# Task to carry out
What is needed is an exact reproduction of the lines from the one that contains "Option (C): x/1" through the end of the data, both included and nothing else, with pictures omitted.

# Given information
BEGIN

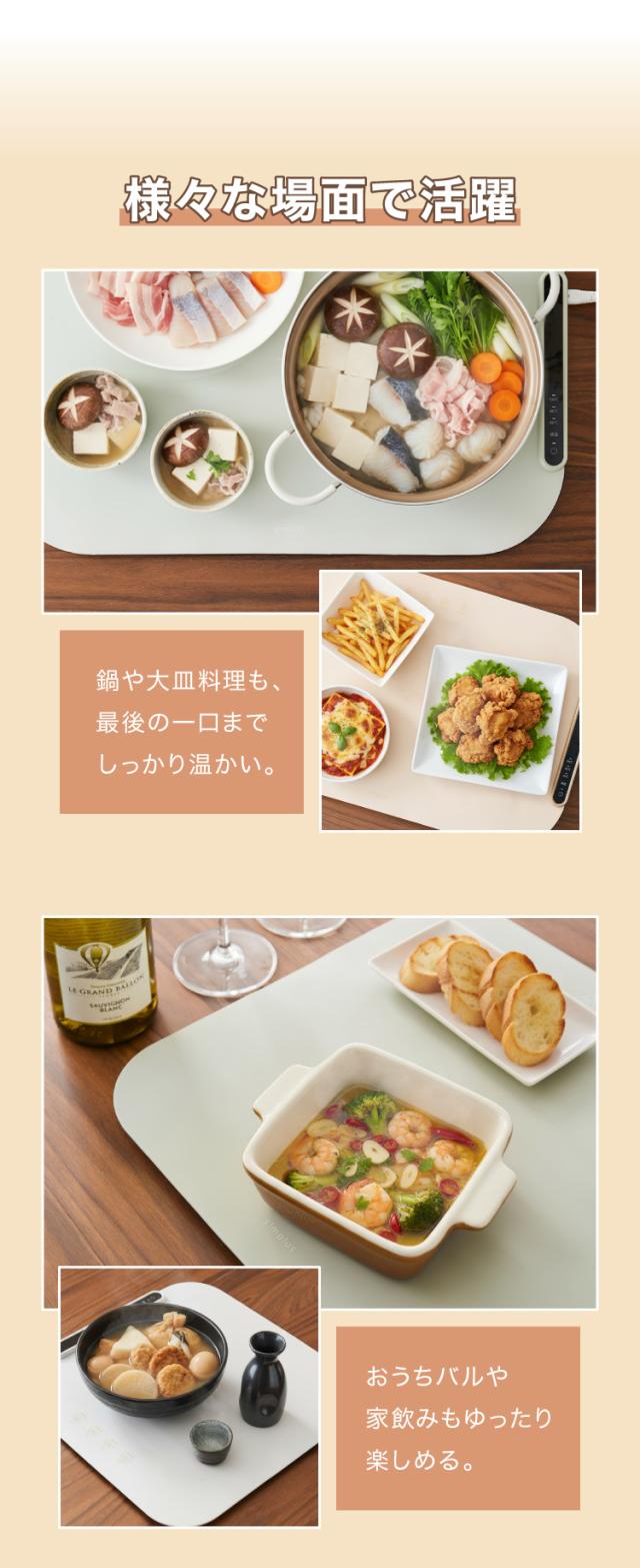 ・滑り止め付き立体脚:裏面の立体脚で滑りにくく、テーブルを熱から守ります。※ガラステーブルは耐熱マット併用推奨
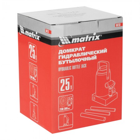 Домкрат гидравлический бутылочный, 25 т, высота подъема 230-360 мм Matrix
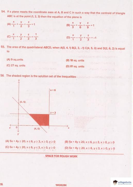 Option (C): x/1 + y/2 + z/3 = 3 → divide by 3: x/3 + y/6 + z/9 = 1 → yes! Quick Tip: Centroid of intercepts triangle = (a/3, b/3, c/3)
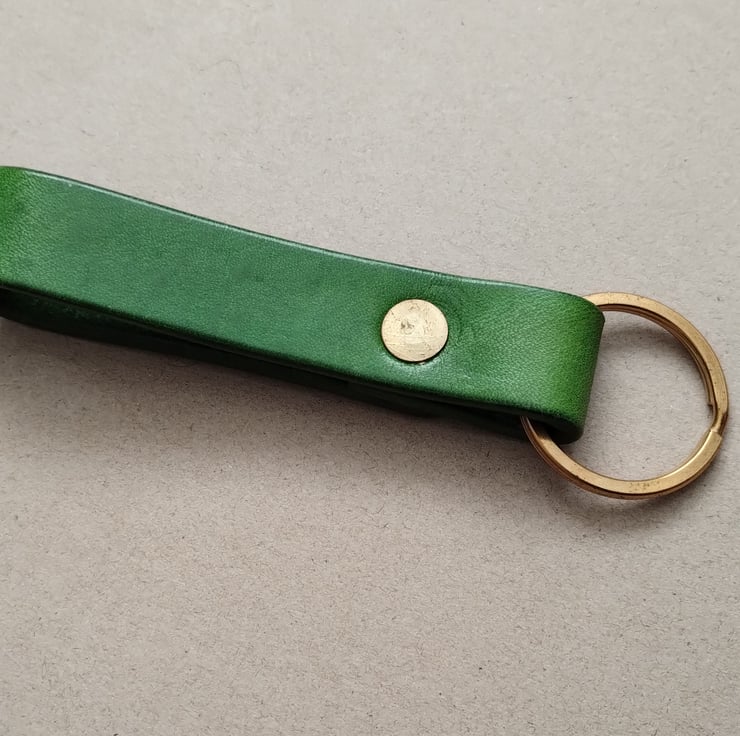 Leather Key Ring With Solid Brass Saddle Rivet And Flat Split Ring Heavy Duty

END

# Exercise answer
 Option (C): x/1 + y/2 + z/3 = 3 → divide by 3: x/3 + y/6 + z/9 = 1 → yes! Quick Tip: Centroid of intercepts triangle = (a/3, b/3, c/3)
 Leather Key Ring With Solid Brass Saddle Rivet And Flat Split Ring Heavy Duty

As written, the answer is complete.